For the first time, I've found myself in need of a way to make pedigrees for my rabbits. Since I'm not running a rabbitry and I don't have that many rabbits, I'm not really interested in paying a lot of money for a software I'll rarely use. So I was wondering if anyone on here had suggestions for free pedigree creators? I don't really mind typing in a lot of info, especially since I won't be doing it very often.

I know of the one at ephiny.net. Has anyone used it? What do you think of it?


----------



## Hens and Roos

I did a Google search for the free one we use, I downloaded it to my computer- it shows up as a word program- if you want to PM me your email(via the conversation feature) I can email it to you


----------



## Dutchgirl

Sorry, but what do you want to email to me? If you PM it to me I'll see it.


----------



## Hens and Roos

Dutchgirl said:


> Sorry, but what do you want to email to me? If you PM it to me I'll see it.

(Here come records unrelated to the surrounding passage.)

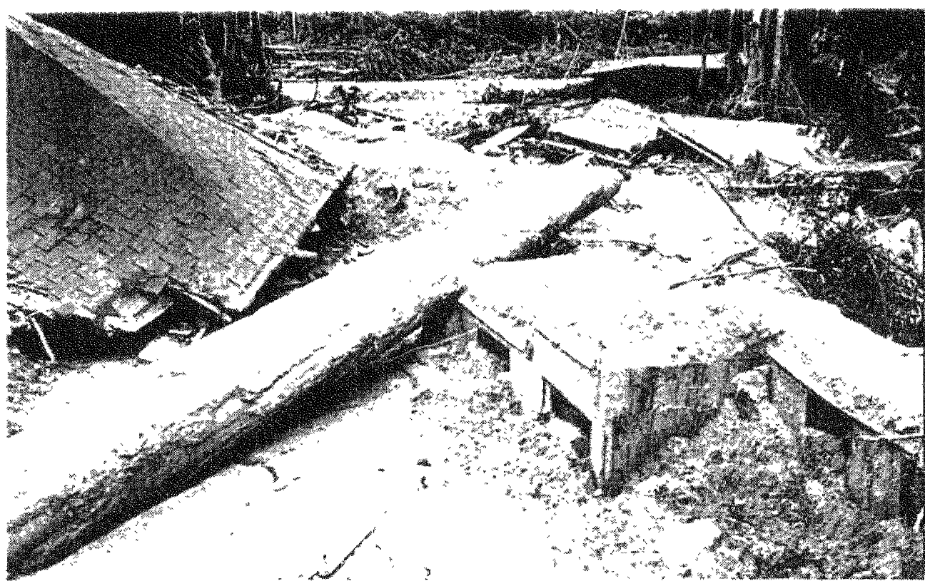
FIGURA 6. Flujos de lodo destruyeron y enterraron bosques, casas, rutas y puentes hasta 20 km y más, en los valles cercanos al Monte Santa Elena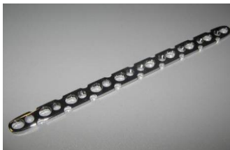
Placa Retá Reconstrução PFI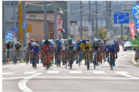
9/9 第2ステージ 集団ゴールスプリント(木古内町)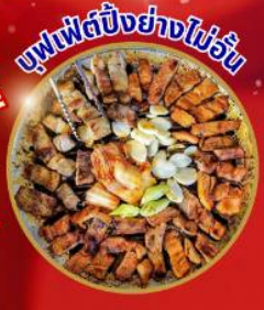
บุฟเฟ่ต์ปิ้งย่างไม่วัน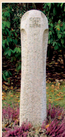
»Kubische Stele« zum Thema Wege bzw. Lebenslinien, gespitzt, gestockt und angeschliffen, 25 x 25 x 115 cm, Harzer Granit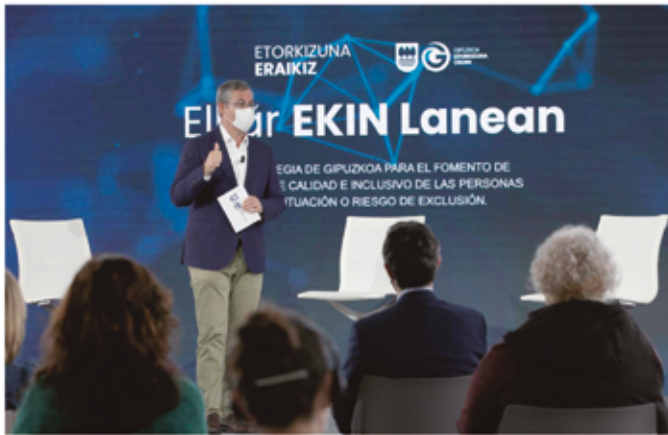
Gipuzkoako diputatu nagusia, Elkar Ekin Lanean estrategia aurkezten.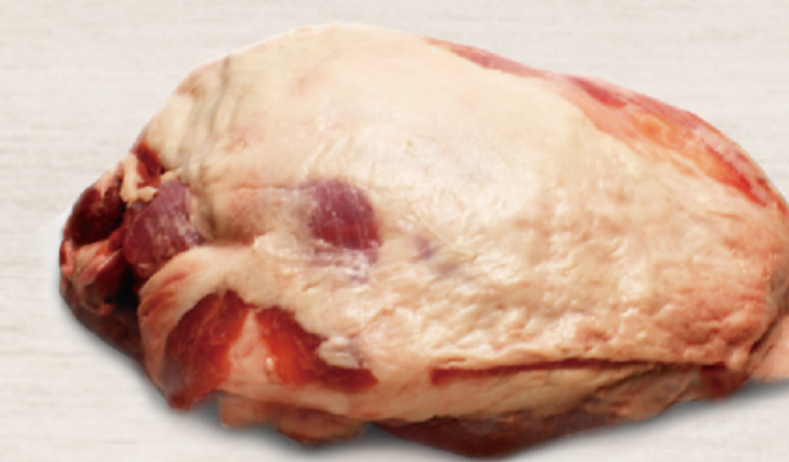
211A142 オーストラリア産 ラム ショルダー 肩ロース無し 約1.5kg

ラムの肩ロースです。適度なサシが入っており、旨味が凝縮されている部位です。ステーキ、焼き肉、ジンギスカン等、様々な用途にご利用いただけます。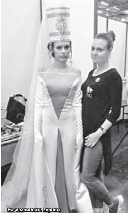
На чемпионате Европы

Сначала получила среднее специальное образование по специальности «Менеджер в организации» в профессиональном лицее №3, затем уехала в Москву, поступила в Московский гуманитарный университет, где получила высшее образование. Там училась и одновременно работала менеджером в парфюмерной компании. Но поскольку с подросткового возраста постоянно посещала с мамой тренинги и знала их специфику, из менеджера быстро перешла на должность структурного тренера. На тот момент нас было всего 12 человек в России. Тогда я научилась структурировать курсы, собирать материал, преподавать его аудитории, это важно: многие высококлассные мастера не владеют этими технологиями, поэтому не могут вести базовые курсы, ведут только курсы повышения квалификации. В моей школе можно свободно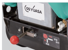
5 半自走切替レバー (スプリングリターン式)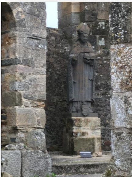
Statue de Saint Gwénoùlé

« L'histoire de l'Abbaye est stupéfiante. Avant qu'elle ne soit détruite, elle était améliorée chaque jour » (Gabriel E)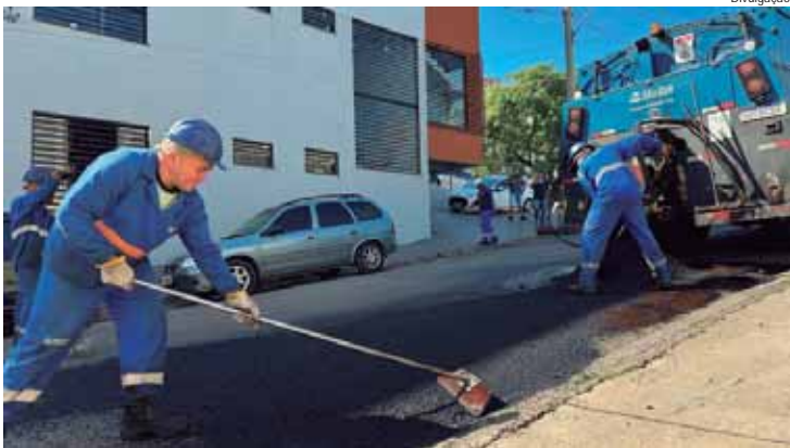
Equipes priorizam regiões estratégicas de mais urgência

preenchendo com bica corrida (conjunto de pedra britada, pedrisco e pó-de-pedra) e finalizando com a massa asfáltica, nos buracos que precisem de intervenção mais profunda. Os bairros e vias atendidas foram: Paulista: rua da Glória, Santa Teresinha: travessa João Degaspari e rua José Blumer, Terras de Piracicaba: alameda Cavaleiro Bonilha e alameda Carolina Mendes Thame, Vila Rezende: avenida Américo Brasileiro e Vila Sônia: avenida Corcovado.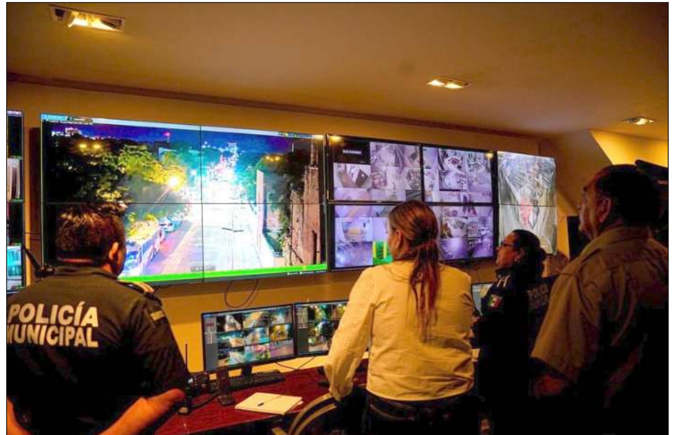
▲ La presidenta municipal de Mérida realizó un recorrido este domingo para saludar al personal policiaco que se encontraba en funciones.

Finalmente participó en un patrullaje hasta el Palacio Municipal sosteniendo conversaciones con elementos del cuerpo de seguridad y ciudadanos.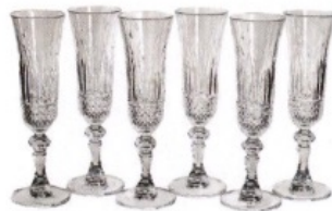
PARA EL BRINDIS Juego de copas, de Mario Luca Giusti [211 €].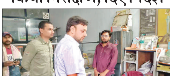
गैस एजेंसी का निरीक्षण करते उप जिलाधिकारी।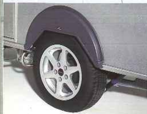
Der Hy-Line hat Leichtmetallfelgen und Vredestein-Radialreifen.

Der Kip Hy-Line ist einsame Spitze. Dieses Topmodell von Kip hat wirklich alles, was die moderne Caravan-Technologie zu bieten hat, umrahmt von optimalem Luxus und Komfort. Kompletter geht es einfach nicht! Exterieur und Interieur des Hy-Line stimmen mit dem Grey-Line überein, der Hy-Line ist jedoch serienmäßig mit attraktivem Zubehör ausgestattet und läßt somit kaum etwas zu wünschen übrig.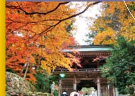
88 大窪寺 Okuboji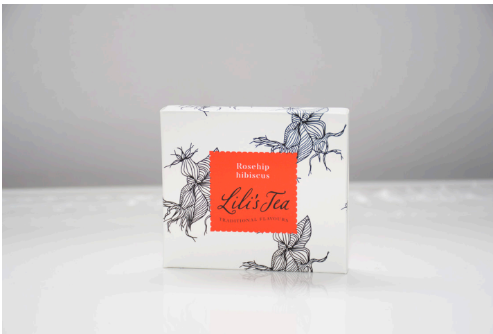
ROSEHIP HIBISCUS - Biodegradable

This green tea is subtly flavored with mint and rose petals. The tea has a freshly and delicate mint flavor.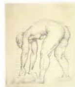
64. Нагнувшаяся натура с короткими волосами. Вторая половина 1920-х Бумага, угольный карандаш. 39 × 32 Инв. 83 СГ

Model seated on a chair. Second half of the 1920s Graphite pencil on paper. 43 × 27 cm Inv. no. 73 СГ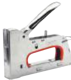
9/78 Handtacker R353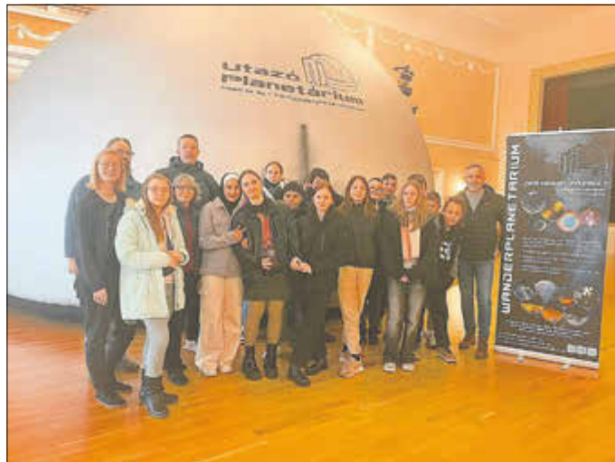
Besuch vom Förderverein und Bürgermeister bei der Vorstellung des Wanderplanetariums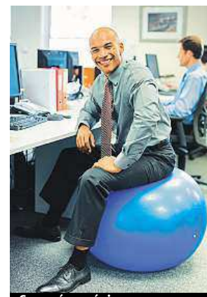
Sezení v práci

Tento požadavek podle průzkumu IRMES nespĺňuje 75 procent Francouzů ve věku od 18 do 64 let. A počet těch, kdo se pravidelně věnu-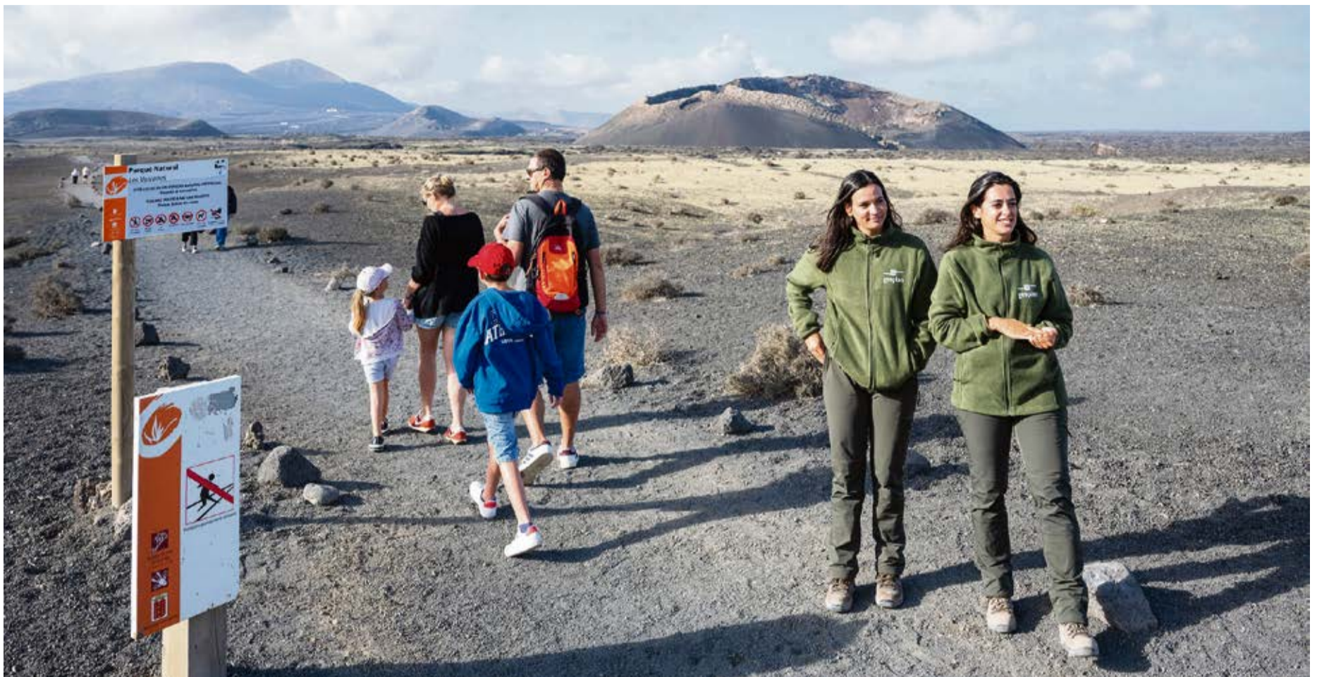
Las informantes atienden cada día a centenares de visitantes.

a copy of a fillable pedigree we found.  I will try and attach it through a PM-not sure it will work


----------



## Four Winds Ranch

Could you please email it to me too!!!  I have been looking for one as well!!! I sent a PM!


----------



## Dutchgirl

Thanks, Hens and Roos!


----------



## Hens and Roos




----------



## mijejo

Hens and Roos would you email it to me too, please? mijejo@aol.com


----------



## Hens and Roos

Just sent it to you


----------



## sawfish99

Check out www.GlobalPedigree.com  It is an online database.  We use it to manage our rabbitry and it tracks pedigrees.  It is not nearly as expensive as other software.


----------



## promiseacres

Hens and Roos said:


> Just sent it to you


Any chance you could send this pedigree maker to me? Promiseacres@yahoo.com


----------



## Hens and Roos

emailed you the one we use


----------



## MWind

Please email me fillable pedigree to michlwind@yahoo.com


----------



## Hens and Roos

MWind said:


> Please email me fillable pedigree to michlwind@yahoo.com



emailed you what we use!


----------



## Terisa Carpenter

Hens and Roos said:


> a copy of a fillable pedigree we found.  I will try and attach it through a PM-not sure it will work


If this is still available could you email me a copy. Tcarp805@yahoo.com


----------



## Hens and Roos

Terisa Carpenter said:


> If this is still available could you email me a copy. Tcarp805@yahoo.com



sent you an email


----------



## DutchBunny03

The best pedigrees i have found are fron the ARBA store. They are $5 for a whole book if pedigrees. They are not free, but better quality than any free ones i have seen.


----------



## Thirtyacre

Hens and Roos is there anyway you could email it to me as well? thirtyacre1003@gmail.com


----------



## Hens and Roos

Thirtyacre said:


> Hens and Roos is there anyway you could email it to me as well? thirtyacre1003@gmail.com



check your email


----------



## secuono

You can use Kintraks, it's free for most operating systems and can print pedigrees. You can adjust them as well.


----------



## LopCityRabbitry

Hens and Roos could you please email me the fillable pedigree too? lopcityrabbitry@gmail.com


----------